In The Southern Vampire Mysteries, humans are portrayed to have different reactions to vampires being in the public. There are the "Fangbangers," who are vampire lovers that are addicted to vampires and who enjoy having sex with them. Furthermore, demand for vampire blood has been growing in the black market, as the blood is a very addictive drug. Drainers are known to be the humans who attack vampires in order to drain their blood, though it is a hazardous job. Drainers travel in teams, singling out vampires by a variety of methods and careful planned ambush. They bind vampires with silver chains and drain their blood into vials. Depending on the age of the blood (the time since it had been removed from its owner) and the age of the vampire from whom the blood has been removed, and the individual chemistry of the drug user, it could be worth quite a lot. In this universe, the effects of vampire blood in humans are a feeling of power, increased strength, acute vision and hearing, and most importantly, enhanced physical appearance. The results are notoriously unpredictable and vary per person lasting from weeks to months. Some people go mad when the blood hits their systems (sometimes homicidally mad). Vampires hate Drainers and they hate the users of the drained blood.

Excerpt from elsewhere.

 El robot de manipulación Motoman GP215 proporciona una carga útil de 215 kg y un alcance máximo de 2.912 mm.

A vial of blood could cost from $200 to $400 depending on the age of the vampire. Other humans have not accepted vampires as creatures of God, and organizations such as The Fellowship of the Sun are against vampires and their existence.

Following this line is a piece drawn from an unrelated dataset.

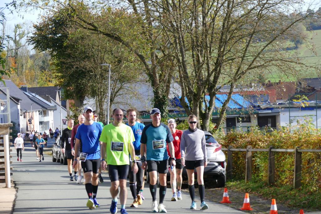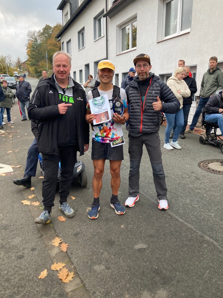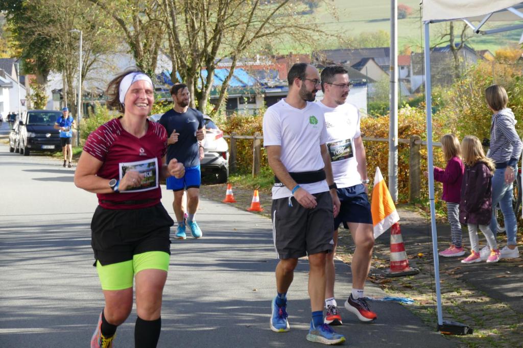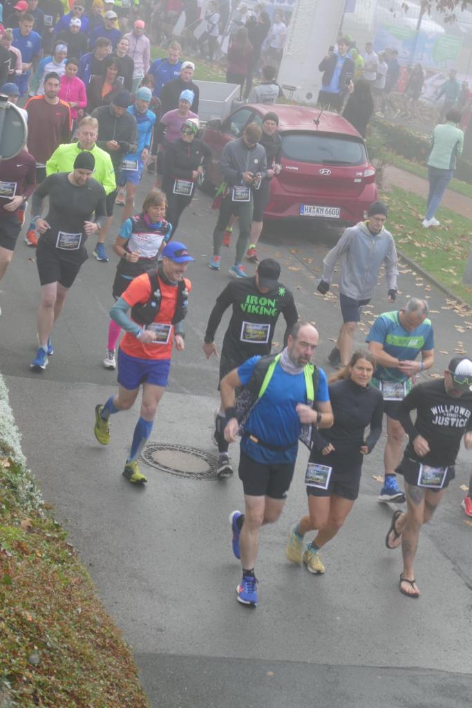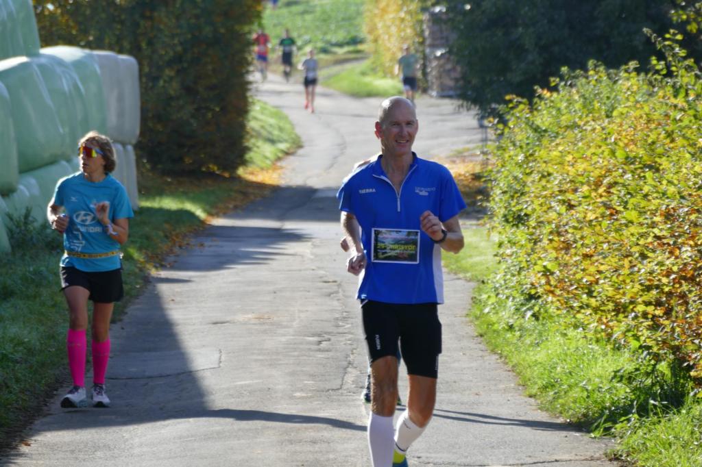 War es im letzten Jahr noch so, dass Regen und Wind den LäufgerInnen ordentlich zugesetzt haben, hat im diesem Jahr die Sonne den Samstag dominiert! Die erste Runde startete das 130köpfige Feld noch im Nebel, doch schon auf der ersten Runde durchbrachen die TeilnehmerInnen auf dem Höhenzug den Nebel und hatten von diesem Zeitpunkt die Sonne auf ihrer Seite. Es wurde richtig warm und so entdeckte man kurze Hosen und Shirts, wohin man nur sah. Mit dem Abend kam dann aber langsam die Kälte und eine sternenklare Nacht kündigte sich an. Also wurde freie Haut unter langer Kleidung versteckt. Lediglich Markus Thonemann zog seine 24 Runden in kurz/kurz durch. 32 StarterInnen schafften die 15 Runden und damit 100 Kilometer. 88 LäuferInnen schafften die Ultradistanz von 45 Kilometer. 9 Leute schafften die 24 Stunden und damit den 100 Meiler. Im Backyard waren also die wesentlichen Ziele noch abgehakt. Wer dann noch weiterläuft, will gewinnen. Rieke stieg nach 25 Runden aus. 5 Leute gaben sich die Kante und erfüllten die 30 Runden (200K). Jörn und Marvin, die sicherlich noch gekonnt hätten, aber einfach zufrieden mit Ihrer Leistung waren schickten Ray auf die 31 Runde – die Siegerrunde. Christian Jakl war glücklich 30 Runden erledigt zu haben (oder haben sie ihn erledigt?). Auch Mike stieg nach 30 Runden aus. Er hat nach den Jahren 2022 (24Runden), 2023 (27 Runden) und nun 2024 (30 Runden) die meisten Loops beim WBU gemacht. Mathematisch muss er nächstes Jahr also 33 Runden schaffen.

In the Southern Vampire Mysteries Universe, fairies are portrayed as beautiful, with pointed ears, and glossy, thin skin. In this universe, fairies are extremely attractive to humans as well as vampires. Vampires have a hard time resisting fairies because of their smell and taste. The first fairy, Claudine Crane, is introduced in Dead to the World and Sookie sees the reaction between vampires and fairies. She explains that “it was like watching cats that’d suddenly spotted something skittering along a baseboards.” Vampires say that fairies are hard to catch and they look at them the way a “chocoholic would look at chocolates.”
Fairies are allergic to lemons and iron. They normally inhabit the fey world, but there are portals and doorways between there and the human world. Sookie's great-grandfather Niall Brigant, is a fairy prince, and Claudine and Claude are Niall’s grandchildren. In later books, Claudine admits to Sookie that Claudine is her fairy godmother. She was assigned this role in an effort to move on to the next level, which is angelhood.
Witches and WiccansEdit
In the Sookie Stackhouse Universe, a witch practices magic rituals, drawing from a power that most people never tap into. A Wiccan, on the other hand, follows a religion, a pagan religion that follows the ways of the Mother. Practitioners can be both wiccan and a witch, or more one or the other. Witches and Wiccans first appear in the fourth book, Dead to the World. Sookie’s colleague and fellow barmaid of Merlotte’s, Holly Cleary, is a Wiccan practitioner, but not a witch. In later books, Sookie learns more about witchcraft and befriends Amelia Broadway, a true witch in New Orleans.